Martin Scorsese has a quote about filmmaking that goes, “If the machinery of it all seems too big and scary and overwhelming—it’s great. You wake up in the morning and do it, anyway.” I think that’s how we got through it. Just taking it a day at a time. Just working on the next 30 seconds.
What’s your biggest takeaway from this whole experience?
There are so many. On a personal level, we both came to realize the importance of being honest. And that many people actually have so much more going for themselves than they know. We’re conditioned as a society to believe that we have to become something else when really we don’t.

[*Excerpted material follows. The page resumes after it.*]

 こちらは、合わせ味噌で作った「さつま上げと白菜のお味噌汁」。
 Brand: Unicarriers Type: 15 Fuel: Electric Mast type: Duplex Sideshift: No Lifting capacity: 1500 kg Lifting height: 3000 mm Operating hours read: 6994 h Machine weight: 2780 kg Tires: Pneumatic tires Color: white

From a filmmaking perspective, getting selected at world-class film
festivals was incredibly exciting and gratifying. We met Asif Kapadia at the DOC NYC festival. He did “Amy,” the Oscar-winning documentary about Amy Winehouse, and his latest film was playing in the cinema next to ours. That was a pretty cool feeling.
But actually the most rewarding element is when you meet someone who has seen the film and he tells you how impacted he was by it, how much it touched him or made him think about things. Ultimately, you want to feel like someone understood this story that you spent years putting together—and it’s an amazing feeling when they do.
In terms of directing, are two heads really better than one? Who gets the last word when you need to decide about contentious issues? Are you guys working on another doc you can share with us?
As far as who gets the last word, it’s flexible. Sometimes, one of us will suggest an idea that the other violently opposes, only to discover down the line that actually it works really well in context.
The great thing about working together is that we can be completely frank with each other with feedback and generally, there’s no ego attached to an idea. There’s a tongue-in-cheek phrase we use, “Does it make the boat go faster?” If not, take it out.
Occasionally, we do have blow-ups, but we keep those between ourselves and in the editing room. They probably make us look very amateur, like we have no idea what we’re doing. Thankfully, they’re rare and just part of the process at this point. And it never becomes personal, either.
As far as new films, at the moment, we’re working on a few projects together that we can’t really talk about. But, there is a documentary coming out next year we’re involved with that we can, though. It’s called “Ten Count,” about mental health in elite sports athletes. It takes a good look at the issue of depression in sports superstars. Among other people, it has Dwayne “The Rock” Johnson talking very candidly about his battles with mental health.
“The Pickup Game” is quite politically charged, and one that fires people up. That’s what makes it an important film in many ways. But the other side of that is we’ve had a lot of backlash from both the pickup companies, as well as from some critics who feel like we haven’t been critical enough of the industry, so it’s exciting to work on something that doesn’t have that overhead. INQ
“The Pickup Game” is streaming exclusively with iwonder.com beginning Thursday.